I would definitely change the logging level from ‘debug’ to ‘info.’

There is a KB article regarding the “90% full” messages that has a lot of good information about those messages.

“Minutes” to terminate certainly seems unusual to me, but I have seen it take 60 seconds or so on a similar sized system receiving nearly 10,000 records/second.

My recommendation would be to enable the ‘MONITOR’ options shown above to get an idea on how may records per second are being processed and then we can make a better recommendation on proper sizing.

Note that a basic/community license will limit flows to 4000 flows per second. There is a note in the docs on “lab” server sizing that may be helpful. In virtualized environments, remember that 2 vCPUs = 1 physical core and 1 hyperthread thread. Thus, you should allocate vCPUs accordingly, doubling the indicated core count for vCPU allocations.

Thanks for asking … hope this information has been helpful!

Thanks for the assistance @dxturner. it just seemed odd, that I just installed/configured Elastiflow/Elasticsearch yesterday and had not yet even configured IPFIX, or sFLOW on any of my devices yet to see so many records per sec, especially from the loopback. What I found was the following was enabled:

EF_INPUT_FLOW_BENCHMARK_ENABLE: “true”
EF_INPUT_FLOW_BENCHMARK_PACKET_FILEPATH: /etc/elastiflow/benchmark/flow/packets.txt

After commenting those two options, the spamming in the logs stopped, and I don’t have weird 100GB/s throughput to hosts outside of the US in the Kibana dashboards.

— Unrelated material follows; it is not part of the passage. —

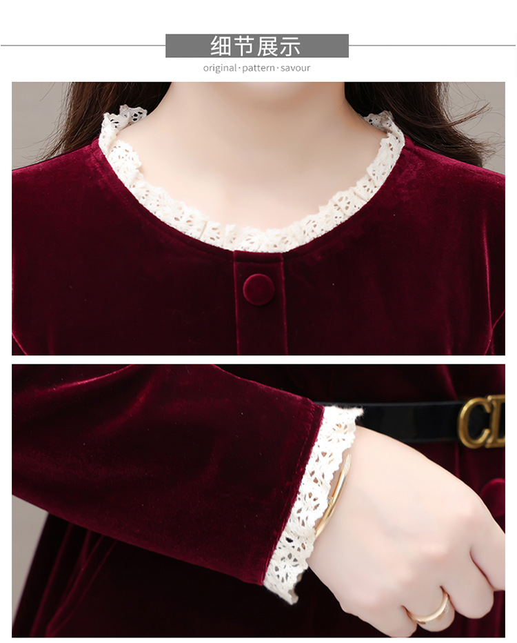 QYM 1315C362-Y连衣裙时尚花边圆领中长款收腰裙 商品图3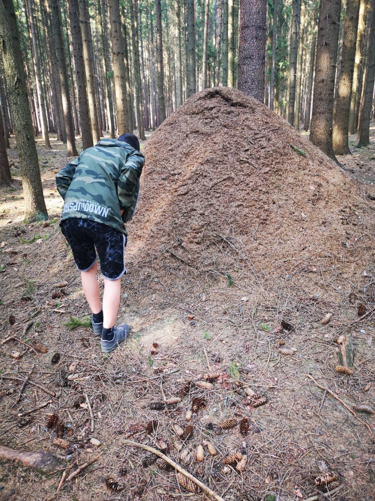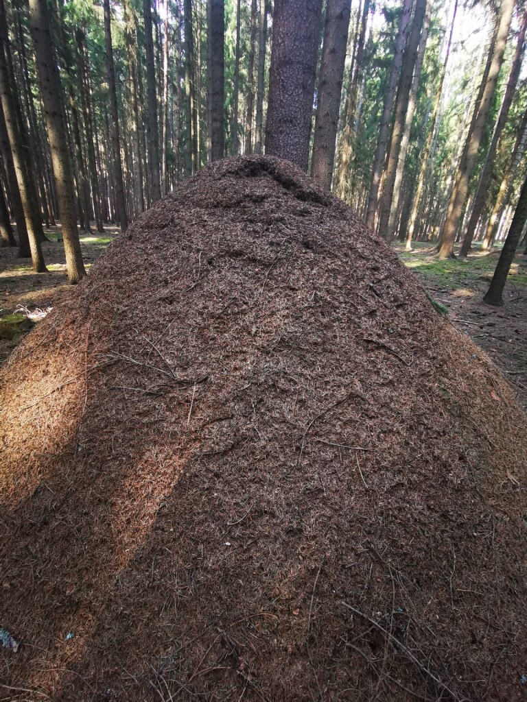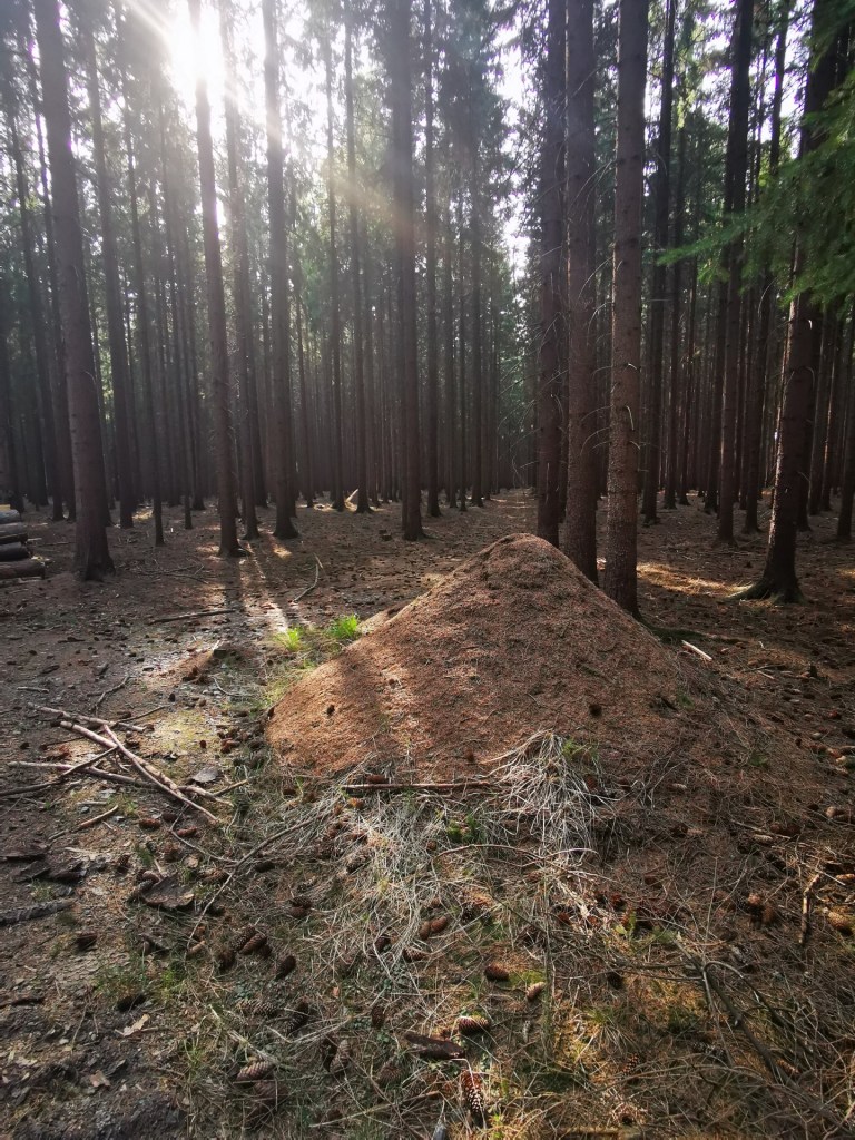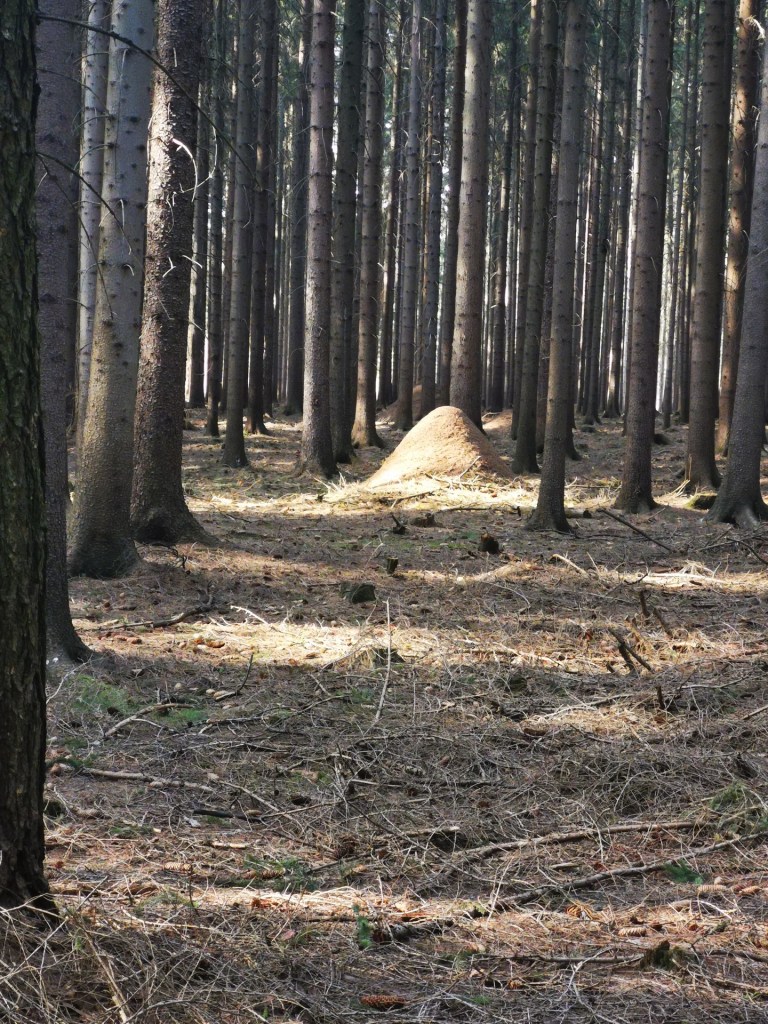 Na polovině cesty mezi Radešínem a Skleném nad Oslavou lze odbočit z cyklostezky 5229 a rázem si všimnete něčeho neobvyklého – všude kolem cesty a hluboko do lesa se nacházejí mraveniště. Kupky o výšce do půl metru ani nemá cenu počítat, ale z lesa vyčnívají hromady o výšce přes metr a půl. Jedná se o jednu z mála oblastí ČR, kde se v takové míře vyskytují mraveniště. Prý jich tu žije odhadem kolem 60 milionů. Napadla mne zábavná představa, že si tady nějaký tramp v noci, unaven po celém dni, ustele – měkké jehličí asi začne za chvíli pěkně bodat.

Hope this helps if anyone in the future runs across this. I feel like a dope :hushed:

1 Like

Ah, yes! I should have asked about that! Thanks very much for the update. It is very helpful.

This topic was automatically closed 30 days after the last reply. New replies are no longer allowed.